Hash data structure able to handle such cases by using collision resolution algotithms.
From wikipedia:
Hash collisions are practically unavoidable when hashing a random
subset of a large set of possible keys. For example, if 2,500 keys are
hashed into a million buckets, even with a perfectly uniform random
distribution, according to the birthday problem there is a 95% chance
of at least two of the keys being hashed to the same slot.
Therefore, most hash table implementations have some collision
resolution strategy to handle such events. Some common strategies are
described below. All these methods require that the keys (or pointers
to them) be stored in the table, together with the associated values.
It depends on the Equals implementation of the object. It may use GetHashCode under the hood, but it doesn´t have too. So basically if you have an object with a custom Equals implementation the HashCode may be different for both objects.
What is the use of GetHashCode()? Can I trace object identity using GetHashCode()? If so, could you provide an example?
Hash codes aren't about identity, they're about equality.
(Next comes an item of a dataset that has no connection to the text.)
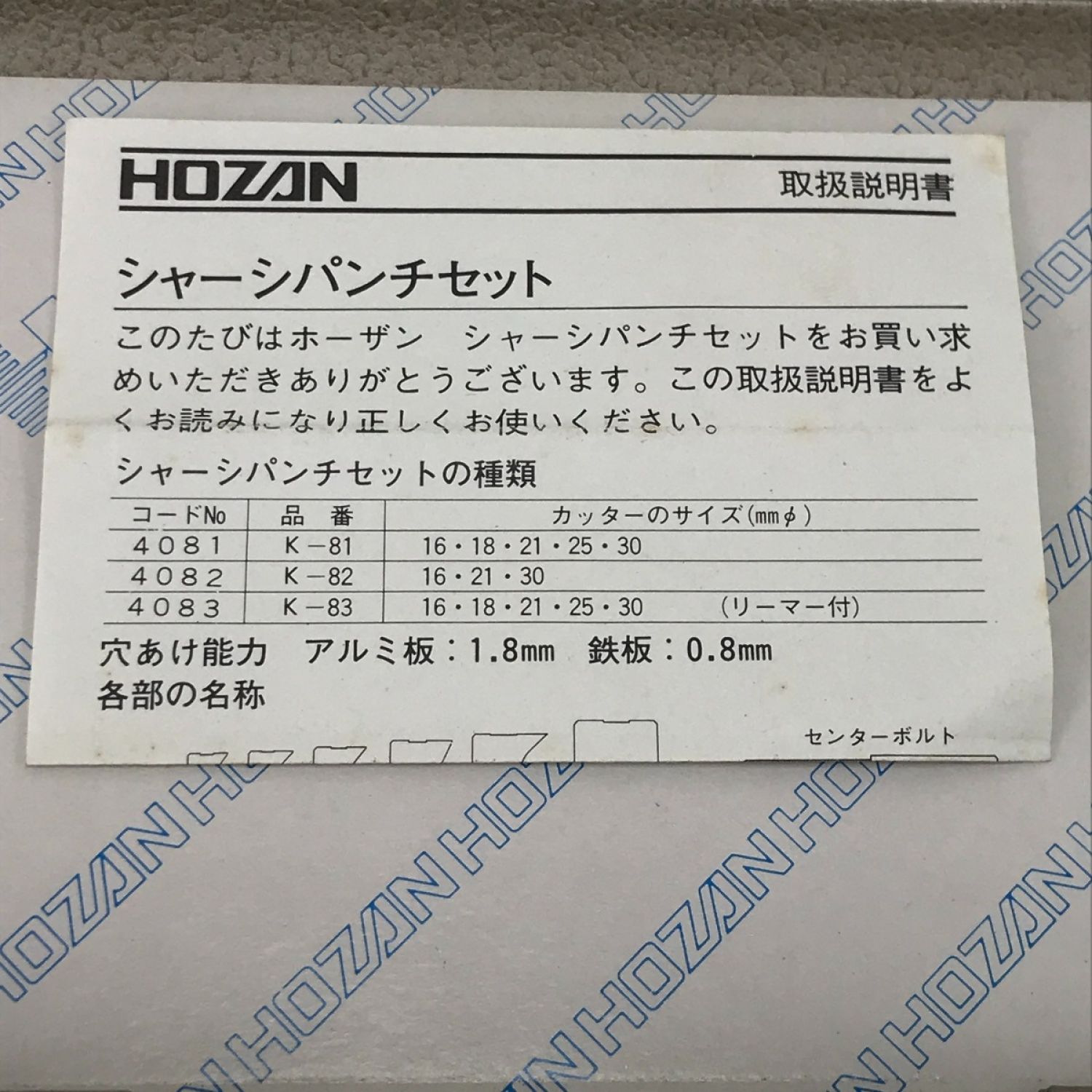 【商品名】中古 HOZAN シャーシパンチセット K-83 Bランク

In fact, you could say they're about non-equality:
If two objects have the same hash code, they may be equal
If two objects have different hash codes, they're not equal
Hash codes are not unique, nor do they guarantee equality (two objects may have the same hash but still be unequal).
As for their uses: they're almost always used to quickly select possibly equal objects to then test for actual equality, usually in a key/value map (e.g. Dictionary<TKey, TValue>) or a set (e.g. HashSet<T>).
No, a HashCode is not guaranteed to be unique. But you already have references to your objects, they are perfect for tracking identity, using object.ReferenceEquals().
The value itself is used in hashing algorithms, such as hashtables.
In its default implementation, GetHasCode does not guarantee the uniqueness of an object, thus for .NET objects should not be used as such,
In you own classes, it is generally good practice to override GetHashCode to create a unique value for your object.
It's used for algorithms\data structures that require hashing (such as a hash table). A hash code cannot on its own be used to track object identity since two objects with the same hash are not necessarily equal. However, two equal objects should have the same hash code (which is why C# emits a warning if you override one without overriding the other).